California Court of Appeals, Second District, Sixth Division
Mar 26, 2008
No. B200351 (Cal. Ct. App. Mar. 26, 2008)

Opinion


THE PEOPLE, Plaintiff and Respondent, v. LONGENO JONES, Defendant and Appellant. B200351 California Court of Appeal, Second District, Sixth Division March 26, 2008

NOT TO BE PUBLISHED IN THE OFFICIAL REPORTS

Superior Court County of Los Angeles James R. Brandlin, Judge Super. Ct. No. BA308139

Rachel Lederman, under appointment by the Court of Appeal, for Defendant and Appellant.

Edmund G. Brown, Jr., Attorney General, Dane R. Gillette, Chief Assistant Attorney General, Pamela C. Hamanaka, Senior Assistant Attorney General, Steven D. Matthews, Supervising Deputy Attorney General, David E. Madeo, Deputy Attorney General, for Plaintiff and Respondent.

COFFEE, J.

Longeno Jones appeals from the judgment following his jury trial and conviction of burglary and attempted burglary. (Pen. Code, §§ 459, 664.) Appellant admitted that he had suffered two prior serious felony convictions within the meaning of the Three Strikes law (§§ 667, subds. (b)-(i), 1170.12, subds. (a)-(d)) and served six prison terms for prior felony convictions (§ 667.5, subd. (b)). The trial court sentenced him to 41 years to life in state prison, including 25 years to life for burglary; ten years for the two prior serious felony convictions (§ 667, subd. (a)); and six one-year prior prison term enhancements (§ 667.5, subd. (b)). Appellant challenges the sufficiency of the evidence to support his convictions; contends that the court abused its discretion in denying his motion to dismiss his prior strike convictions pursuant to People v. Superior Court (Romero) (1996) 13 Cal.4th 497 (Romero); and argues that his sentence is cruel and unusual punishment. We affirm.

All statutory references are to the Penal Code.

FACTUAL AND PROCEDURAL BACKGROUND

In August 2006, Vernon Henry lived in room 21 of the Pine Tree Motel near 38th and Western Avenue in Los Angeles. On August 23, in the evening, he left his room for approximately 10 or 15 minutes.
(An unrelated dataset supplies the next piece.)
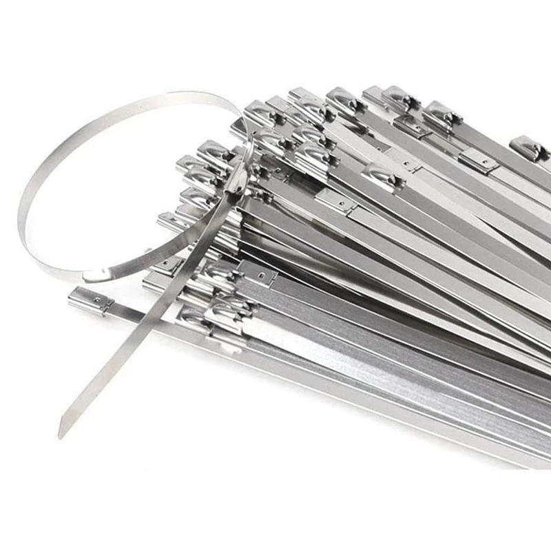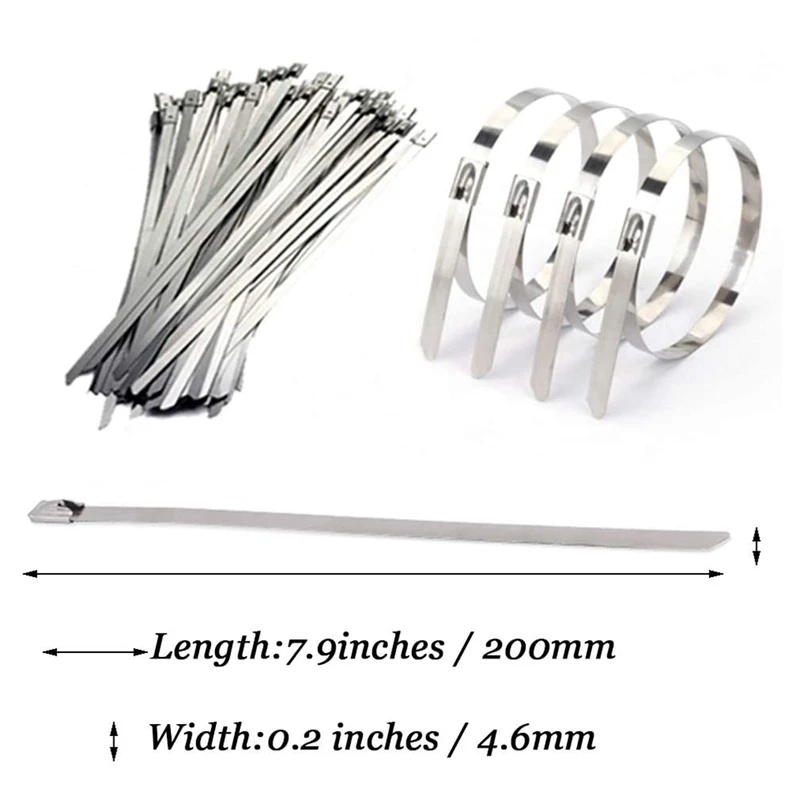 Rozsdamentes Acél Kábelkötegek, 100 Db 7,9 Hüvelyk Nagy Teherbírású Önzáró Kábel Cipzárak, Fém Kipufogócsomagoló Reteszelő Kapcsolatok

Sean Johnson worked as a private patrol officer for a security company. On August 23, 2006, at approximately 10:30 p.m., he responded to a call from the Pine Tree Motel. On arriving there, Johnson saw appellant on his knees, throwing his shoulders into the door of room 16, upstairs, as if he were trying to force it open. Johnson asked appellant what he was doing. Appellant's mouth was foaming, his eyes were glazed, and his lips were white. He hid his hands and said that he had lost his keys. Johnson asked for identification. Appellant said that he was not going back to jail and that he had not done anything wrong. Johnson detained and handcuffed him before taking him downstairs and placing him in the back seat of his patrol car. Johnson then retrieved two black bags that had been in appellant's vicinity and put them on the patrol car's trunk.

Meanwhile, Henry had returned to room 21, where he found that some of his belongings had been "rearrange[d]." Johnson went to room 21 to speak with Henry, and brought him downstairs. Johnson called the Los Angeles Police Department. Its officers arrived within minutes. They searched the bags on the patrol car's trunk and located some shoes, as well as Henry's blue jeans, CD's and DVD's.
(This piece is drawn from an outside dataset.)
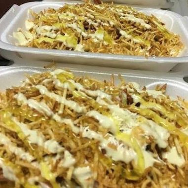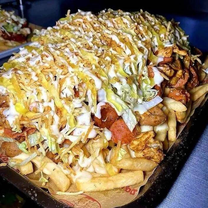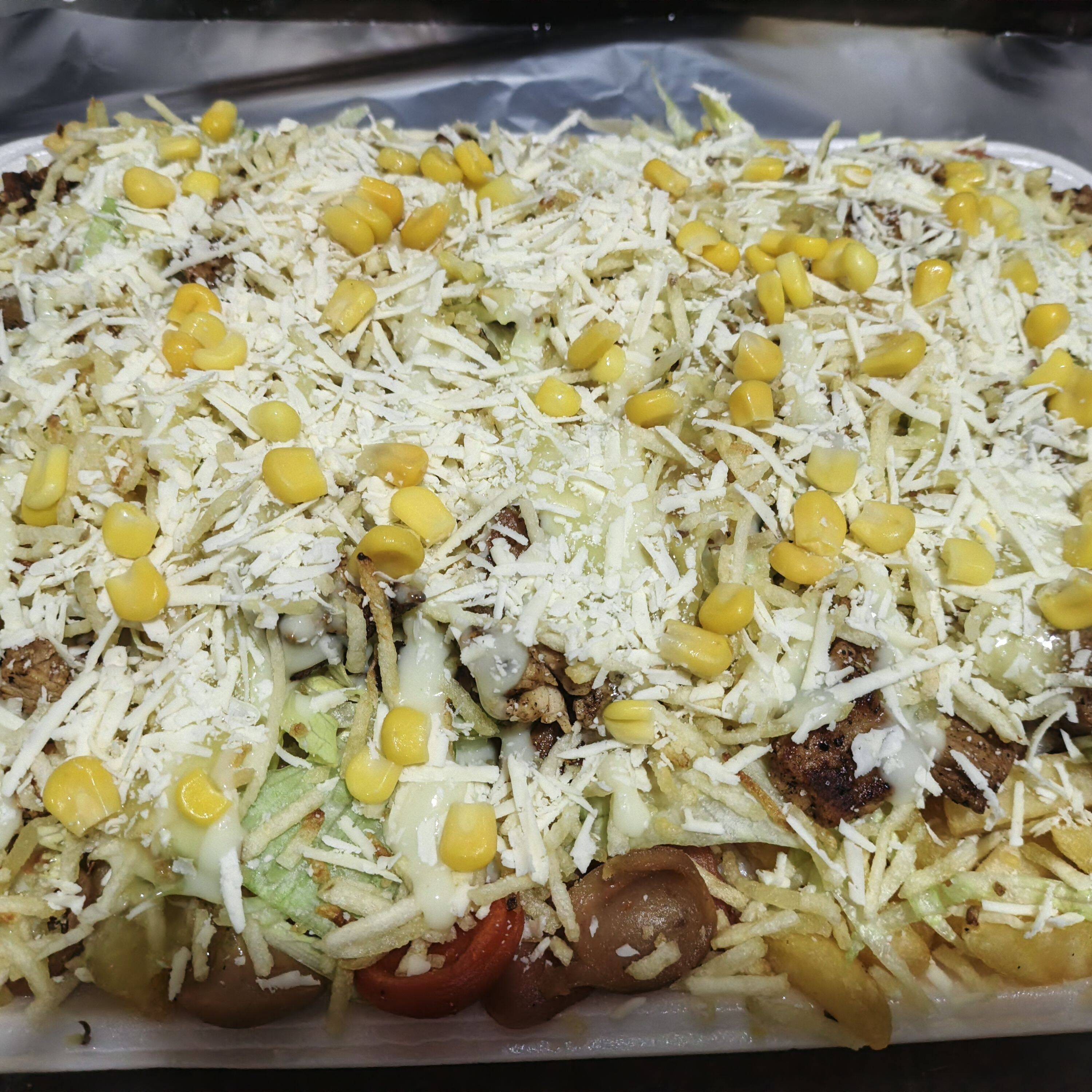 Papas francesas, salchichas, chorizo, butifarra, lechuga, chongo, queso, maíz, queso mozzarella gratinado

The police officers placed appellant in their custody and a screwdriver fell from his hand as they searched him. Officer Cesar Orozco located fresh pry marks on the entry doors of rooms 21 and 16. Appellant gave Orozco false information when he asked for his name. He initially declined to provide his fingerprints to the police.

DISCUSSION

Substantial Evidence

Appellant contends that the evidence was legally insufficient to convict him of attempted burglary and burglary. We disagree. "[W]e review the whole record in the light most favorable to the judgment below to determine whether it discloses substantial evidence--that is, evidence that is reasonable, credible and of solid value--from which a reasonable trier of fact could find the defendant guilty beyond a reasonable doubt." (People v. Snow (2003) 30 Cal.4th 43, 66.) "Reversal . . . is unwarranted unless it appears 'that upon no hypothesis whatever is there sufficient substantial evidence to support [the conviction] .'" (People v. Bolin (1998) 18 Cal.4th 297, 331.) "[A]ll conflicts in the evidence must be resolved in favor of the judgment and all reasonable inferences must be drawn in its favor." (People v. Kelso (1976) 64 Cal.App.3d 538, 542.)
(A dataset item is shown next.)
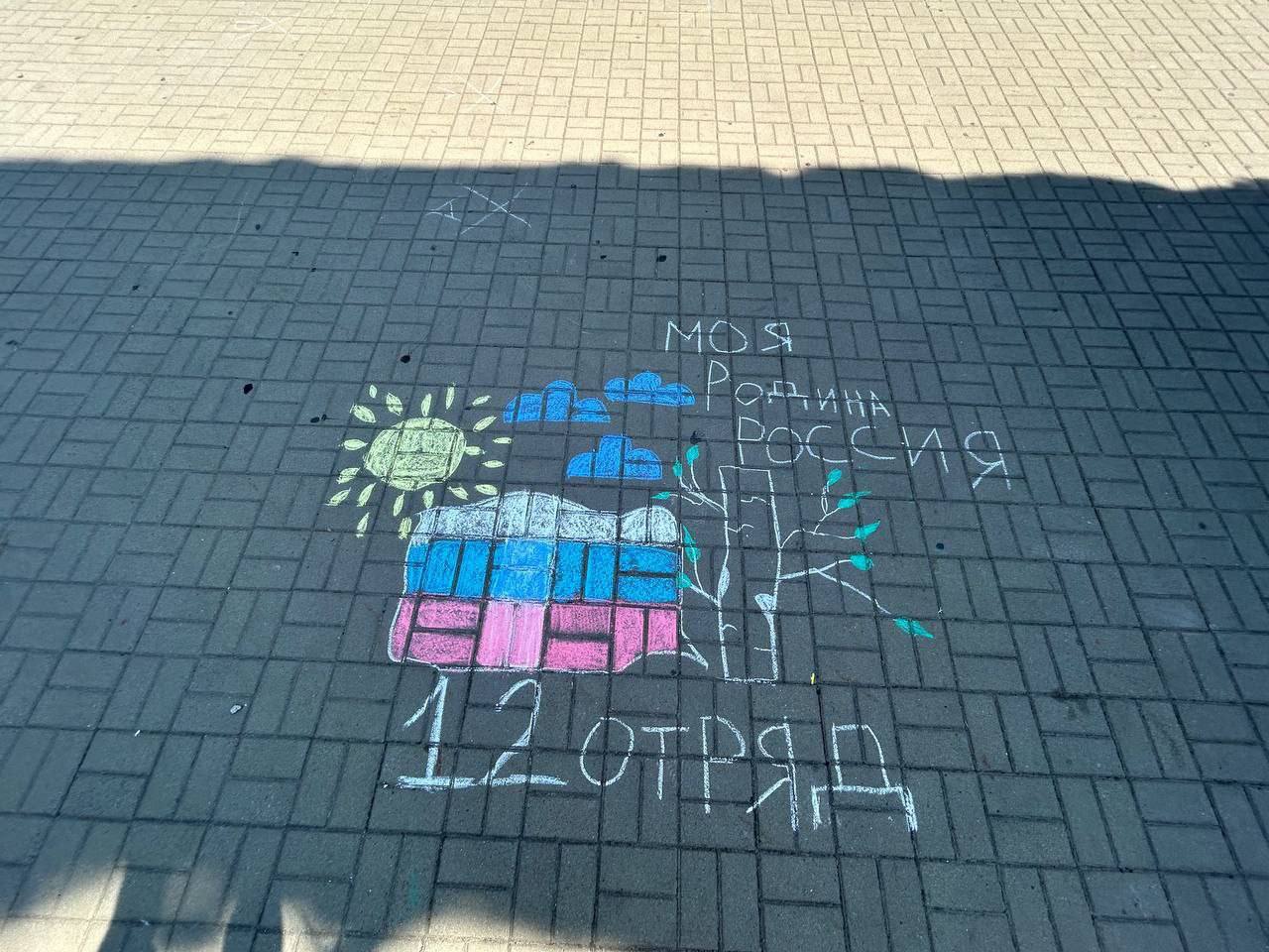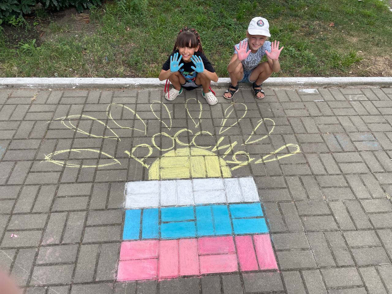 На днях в нашем лагере состоялась вдохновляющая акция, в ходе которой дети выразили свою любовь к Родине через творчество. Ребята взяли в руки мелки и, вооружившись яркими цветами, начали создавать уникальные рисунки на асфальте, посвященные теме «Моя Родина – Россия».

The elements of attempted burglary are a direct but ineffectual act to enter a building with the specific intent to commit larceny or another felony. (§§ 664, 459, 21a.) Here, substantial evidence supports the existence of each of these elements. There is abundant credible evidence that appellant attempted to burglarize room 16, where Johnson found appellant throwing his shoulder against its entry door; that door had fresh pry marks; a screwdriver fell from appellant's hands during a contemporaneous search; and bags recovered from appellant's vicinity contained property removed on the same evening from room 21 of the same motel.

Substantial evidence also supports the burglary conviction. The elements of burglary are the entry into a building with the specific intent to commit larceny or another felony. (§ 459.) Henry observed that his belongings had been rearranged upon returning to room 21 after a brief absence. Some of his belongings were retrieved from appellant's vicinity. Room 21's entry door bore fresh pry marks. Appellant carried a flat-headed screwdriver shortly after property was removed from room 21. He exhibited a consciousness of guilt by hiding his hands when Johnson questioned him and by giving the police false information.

Romero Motion

The trial court sentenced appellant to serve 41 years to life in state prison after denying his motion to strike his two prior qualifying strike convictions pursuant to section 1385 and Romero, supra, 13 Cal.4th 497, 530. Appellant contends that the trial court abused its discretion in refusing to strike his two prior strike convictions. We disagree.

A trial court has limited discretion under section 1385 to strike prior convictions in Three Strikes cases. (Romero, supra, 13 Cal.4th 497, 530.) In determining whether to exercise that discretion, the court must consider "whether, in light of the nature and circumstances of his present felonies and prior serious and/or violent felony convictions, and the particulars of his background, character, and prospects, the defendant may be deemed outside the scheme's spirit, in whole or in part, and hence should be treated as though he had not previously been convicted of one or more serious and/or violent felonies." (People v. Williams (1998) 17 Cal.4th 148, 161.) We review the denial of a section 1385 motion under the deferential abuse of discretion standard. (People v. Carmony (2004) 33 Cal.4th 367, 373-374.)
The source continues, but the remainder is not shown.